Harb criticizes the Lebanese government's narrow framing of Hezbollah’s weapons as a purely security issue. He argues that disarmament must be part of a broader political project rooted in national unity, equality, and the rejection of any group’s claim to superiority. Hezbollah’s continued assertion of exceptionalism fosters division, frustration, and disillusionment.
He also explores the group’s refusal to acknowledge defeat in the recent war and its resistance to integration into the Lebanese state. This was made starkly clear on August 5, when Hezbollah dismissed the government’s disarmament decision as “non-existent.” Harb believes the moment has come for Hezbollah to move from militancy to politics. The logic of “I exist because I am armed” no longer holds. It only deepens Hezbollah’s detachment from Lebanon’s political community, marking it as a force within Lebanon but not of it. History shows that success in state-building depends on whether liberation movements, such as Hezbollah, demobilize and integrate their fighters into a national army and whether it reframes its identity from resistance to governance. Hezbollah’s legitimacy has been eroding as resistance rhetoric no longer aligns with national aspirations.
According to Harb, Hezbollah’s posture reflects “a dangerous victimhood — unwilling to bury its dead or admit its era has ended.” He vividly describes the group as “a sinking ship, drifting in the storm with tattered sails and a broken rudder, driven by stubbornness that smacks more of arrogance than salvation.”
Fundamentally, Harb argues, Hezbollah rejects Lebanon’s national story.
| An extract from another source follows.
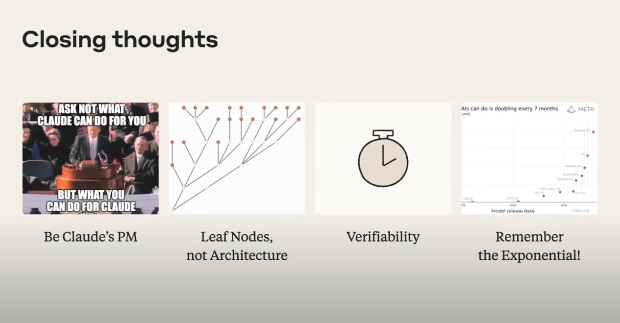 (4) Prepare for the exponential - AI can handle ~1-hour tasks today, but that capability doubles every 7 months. Next year, it'll tackle day-long projects, then week-long ones. If you insist on reviewing every line of code, you'll become the bottleneck.
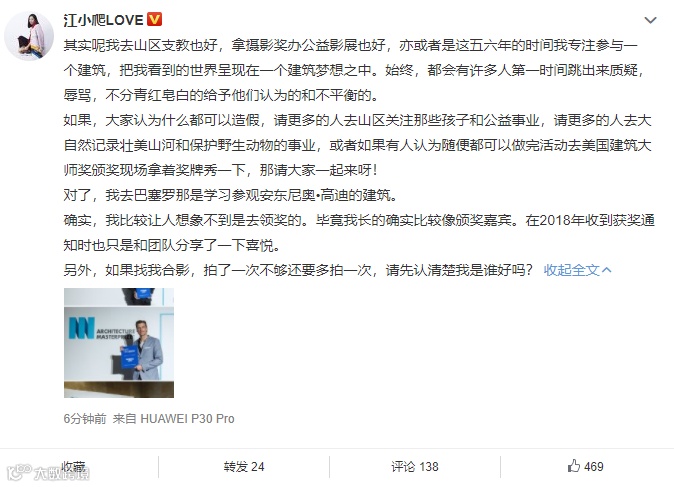 22日晚,江一燕发出最新微博,文中提到了个别人的质疑与不平衡,同时提及自己参与的公益事业,希望以此回应网友的“造假”质疑。但她显然没有意识到,来自建筑设计界的质疑本质上是对于设计师职业尊严挑战的一种自卫。

The party treats the country’s past as betrayal, refusing to acknowledge shared heroes or collective memory. Instead, it crafts an exclusive narrative filled with bloodshed and exclusion. It seeks to control the national anthem rather than harmonize with it.
Hezbollah’s current stance reflects an inability — or refusal — to adapt to changing realities. Harb draws again on Nietzsche, who saw in resentment not mere revenge but a philosophy that clings to injury and converts weakness into tyranny. Hezbollah’s refusal to relinquish symbolic victories of the past suggests an unwillingness to acknowledge that weapons, once disconnected from collective purpose, cease to be shields and become shackles, no longer symbols of hope but sources of renewed conflict.
For Lebanon’s Shiite community, this marks a profound transformation. The pride of armed struggle — manifested in the wars of 1978, 2000, and 2006 — has given way to isolation and siege. The community is now trapped in a narrative that no longer represents its aspirations, but instead deepens its sense of loneliness and contradiction. As they grow increasingly alienated from other groups, Shiites find themselves not met with solidarity but with resentment from the broader Lebanese population.
Hezbollah’s claim to being “the noblest” or “exceptional” presents a significant obstacle to national cohesion. Such a claim is inherently exclusionary and incompatible with a vision of equality. It fosters frustration, breeds anger, and pushes fellow Lebanese away from their rightful place in the shared national story.
*Marwan Harb’s essay, “Undermining the Most Honorable People,” was published in Arabic in Al Modon.
This article appeared in Inside Al Jadid Reports, No. 137, 2025.